Is sour milk, soured milk, and milk that has gone sour, all the exact same thing? Related to this question: Is buttermilk another term for sour milk or some part of sour milk? and especially this answer to it: https://cooking.stackexchange.com/a/115571/93811 and two of the comments appended to that answer, specifically:
"Is soured milk the same as sour milk as in, 'I kept this milk in the fridge too long after opening, and now it is sour, although it was okay yesterday, and so I need to chuck it out and buy some more'. – Matthew Christopher Bartsh yesterday
@MatthewChristopherBartsh Not exactly. “Kept in the fridge and something grew” is the problem - you don’t know what grew. Way back before commercial milk production, there was a good(-ish) change that something desirable grew - souring meant “let stand, it’ll be thick by tomorrow” or it meant “add some of the existing product and let the microorganisms from that multiply and do their thing”. It’s too complicated for a comment to explain why exactly the former is less likely to work today than back in our (great...)grandparents’ time. – Stephie♦
Best Answer
Yes, it is the same. It refers to milk which has been left out until it has gone sour with whatever wild bacteria it has managed to catch, be they pathogenic, healthy, or neutral. It curdles a bit and changes in smell and taste.

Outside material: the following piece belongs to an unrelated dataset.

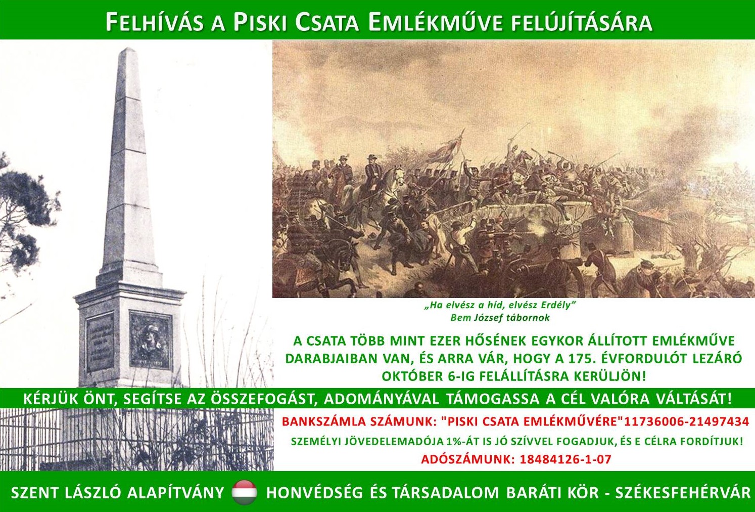 - Felhívás a piski csata emlékműve felújítására. Kérjük mondja el barátainak a nemes célt, hívja fel figyelmüket az adományozásra és kérje fel Őket is a támogatásra!

If you find a person or author who makes a difference, then you have discovered either some regionally restricted distinction which is not widespread (maybe even restricted to that one author), or a too-literal translation from some other language.
Update, since you seem to be asking about the exact meaning of Stephie's comment. What she means is that back in the day, when milk went sour, the actual risks were lower than when today's milk goes sour. (not to speak of the perceived risks and of the implicit risks/reward calculations people make by gut feeling). The difference in her comment is not between "sour milk" and "soured milk", but between "milk that was freshly milked from a single healthy cow and left at room temperature until it went sour" and "commercially produced and processed milk which was distributed to me and left in the fridge until it went sour". There are no terms in the English language which make this distinction, both are called "sour milk" or "soured milk" - so the product is probabilistically different, but the words are not.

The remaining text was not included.